Innovation and R&D Innovation at Marriott Vacations Worldwide is focused on digital capabilities, product design, and network expansion rather than traditional laboratory R&D. The company is modernizing its technology platforms, shifting more tours and bookings online, and experimenting with virtual sales. These efforts aim to personalize the owner experience, lower costs, and improve conversion, with targeted efficiency gains over the next few years. On the product side, the Abound points program and the ability to use points across a wide range of Marriott hotels materially enhance flexibility for owners. The move into all‑inclusive resorts and the new “City Collection” for urban destinations broaden the addressable market and refresh the portfolio. A visible pipeline of new resorts in resort and city locations extends growth potential into the late decade. The key uncertainty is execution: realizing the projected benefits from technology upgrades and new properties requires disciplined rollout, effective marketing, and careful cost control. If well executed, these initiatives can deepen the company’s moat; if not, they could raise costs without fully delivering the expected returns.


Summary

Overall, Marriott Vacations Worldwide looks like a recovered, now‑stable leisure business with solid brands and a clear strategic direction, but with tempered growth momentum and a notable debt load. The income statement shows that the company has moved well past the pandemic shock, with healthy sales and sustained profitability, though margins are not expanding as rapidly as they once did.

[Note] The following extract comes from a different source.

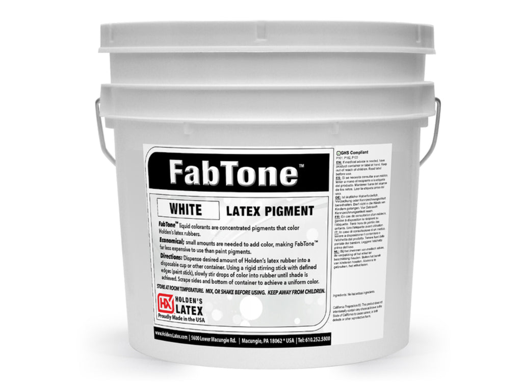 FabTone Latex Colorants are concentrated, latex color pigments that offer excellent dispersion and consistent color. A very small amount will color a proportionally large amount of liquid latex material. The more you add in proportion to the volume of liquid latex, the more dramatic the color effect. Recommended loading range is .3% to 10% of total system weight.

The balance sheet is serviceable but leveraged, making the company more sensitive to interest rates and downturns. Cash flows are positive and sufficient to fund ongoing needs, but not so abundant as to render the capital structure a non‑issue. Strategically, the firm’s brand strength, large owner base, and flexible, points‑driven ecosystem provide a meaningful competitive edge. Digital initiatives, new vacation formats (including all‑inclusive and urban), and a robust resort pipeline offer avenues for future growth and richer customer engagement. The main things to watch are: how well the company manages its leverage, whether modernization actually boosts margins, and how new offerings perform in a travel market that remains cyclical and exposed to broader economic conditions.